Frequently Asked Questions about Radiation

Last updated on December 6th, 2017


I recently came across an FAQ regarding several common questions that people ask about radiation, radiation dose, radiation units of measurement, radiation exposure versus contamination, and radiation treatment drugs. Given the remaining interest surrounding the nuclear accident in Fukushima, Japan, the following information may be of interest to you.

I have excerpted some information which was sourced from the Radiation Emergency Assistance Center/Training Site (REAC/TS) at the Oak Ridge Institute for Science and Education (ORISE), who are recognized around the world for expertise in the medical management of radiation incidents.


What is radiation?

Radiation is energy, in the form of particles or electromagnetic rays, released from radioactive atoms. The three most common types of radiation are alpha particles, beta particles, and gamma rays.

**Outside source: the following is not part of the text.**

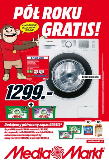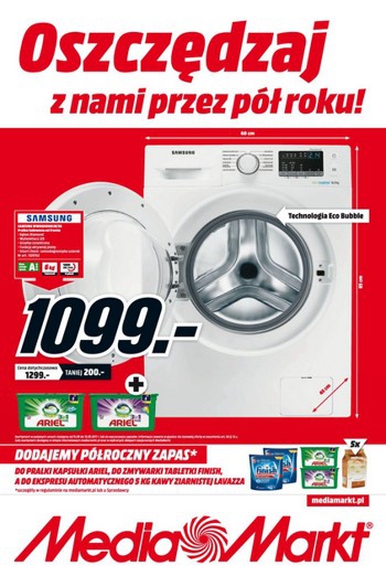 {loadposition linkMediaMarkt} 'Pół roku gratis!' - nowa gazetka promocyjna Media Markt. Polecane promocje z gazetki Media Markt: Pralka SAMSUNG WF60F4EEW2W/EO - 1299 zł. Pralka ładowana od góry CANDY CST G370D-S - 1249 zł. Zmywarka BOSCH SMV25EX00E - 1599 zł.…
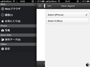 設定で、ユーザーエージェントでiPhoneレイアウトとMacレイアウトに切り替えることが出来ます。

How is radiation measured?

There are two systems of measure used for radiation, the Common System used in the U.S. and the International System used by other countries. The most common units used are rad and rem in the United States and gray and sievert in all other countries.

Conversion Table
1 gray (Gy) ————————– 100 rads
1 milligray (mGy) —————– 100 millirads (mrads)
1 sievert (Sv) ———————–100 rem
1 millisievert (mSv) ————– 100 millirem (mrem)
1 rad ———————————- 10 milligray (mGy)
1 millirad (mrad) —————— 10 micrograys (µGy)
1 rem ——————————— 10 millisieverts (mSv)
1 millirem (mrem) —————- 10 microsieverts (µSv)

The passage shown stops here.